**The records**:
-------
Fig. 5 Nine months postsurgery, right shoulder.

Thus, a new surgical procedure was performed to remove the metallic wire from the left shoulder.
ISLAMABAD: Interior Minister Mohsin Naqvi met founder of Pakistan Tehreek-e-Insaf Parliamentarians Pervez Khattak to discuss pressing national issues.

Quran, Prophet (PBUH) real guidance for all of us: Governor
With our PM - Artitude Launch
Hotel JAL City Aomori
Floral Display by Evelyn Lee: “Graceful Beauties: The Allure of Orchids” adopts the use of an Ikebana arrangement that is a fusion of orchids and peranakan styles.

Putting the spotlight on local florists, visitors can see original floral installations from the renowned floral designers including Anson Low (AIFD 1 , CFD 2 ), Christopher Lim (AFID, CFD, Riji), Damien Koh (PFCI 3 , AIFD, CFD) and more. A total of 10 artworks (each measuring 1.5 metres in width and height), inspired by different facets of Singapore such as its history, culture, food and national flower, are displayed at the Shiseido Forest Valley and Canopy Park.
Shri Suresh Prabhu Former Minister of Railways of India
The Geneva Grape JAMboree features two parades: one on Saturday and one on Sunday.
-------
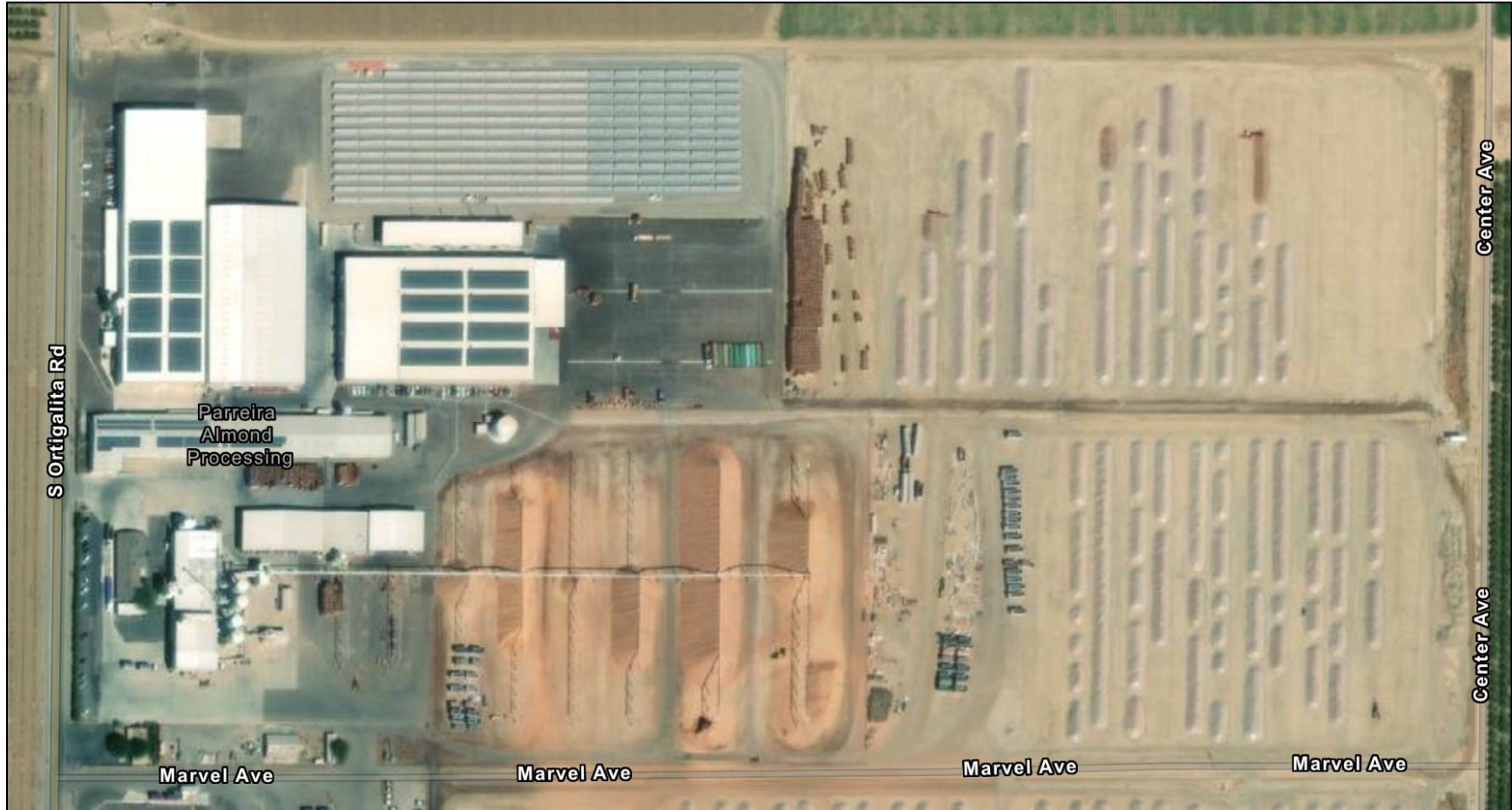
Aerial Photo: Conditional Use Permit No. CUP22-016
-------
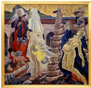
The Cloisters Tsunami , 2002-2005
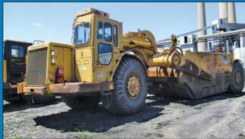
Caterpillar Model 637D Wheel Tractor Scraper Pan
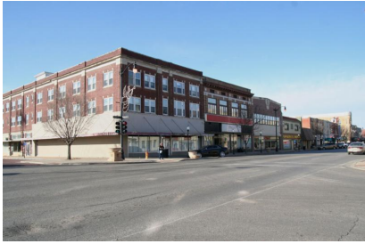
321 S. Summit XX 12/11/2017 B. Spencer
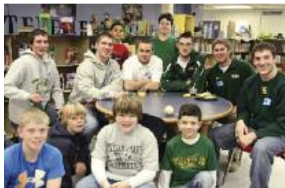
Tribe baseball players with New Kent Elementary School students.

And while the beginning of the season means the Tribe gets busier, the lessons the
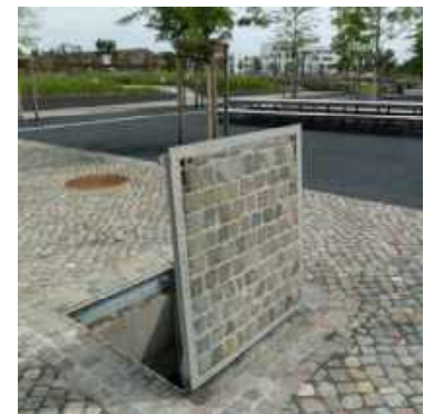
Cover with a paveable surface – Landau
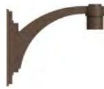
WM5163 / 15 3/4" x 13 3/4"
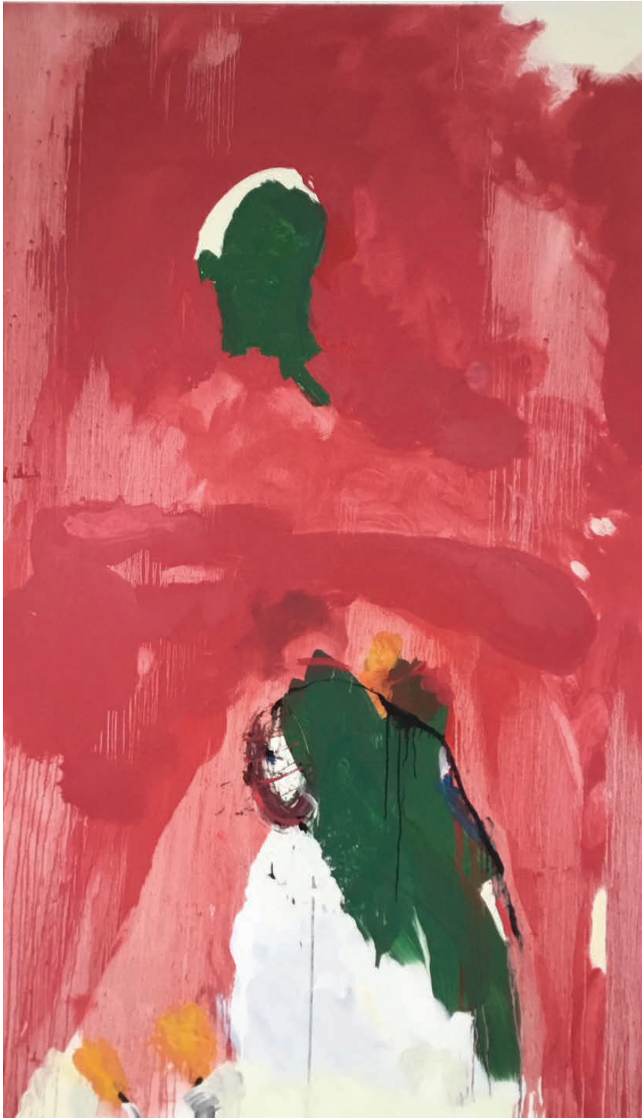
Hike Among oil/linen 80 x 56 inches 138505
-------
**Your task**: Retype the portion of the data above that starts on the line with "Quran, Prophet (PBUH)" and finishes on the line with "Floral Display by", including both of those lines.

**Result of the task**:
Quran, Prophet (PBUH) real guidance for all of us: Governor
With our PM - Artitude Launch
Hotel JAL City Aomori
Floral Display by Evelyn Lee: “Graceful Beauties: The Allure of Orchids” adopts the use of an Ikebana arrangement that is a fusion of orchids and peranakan styles.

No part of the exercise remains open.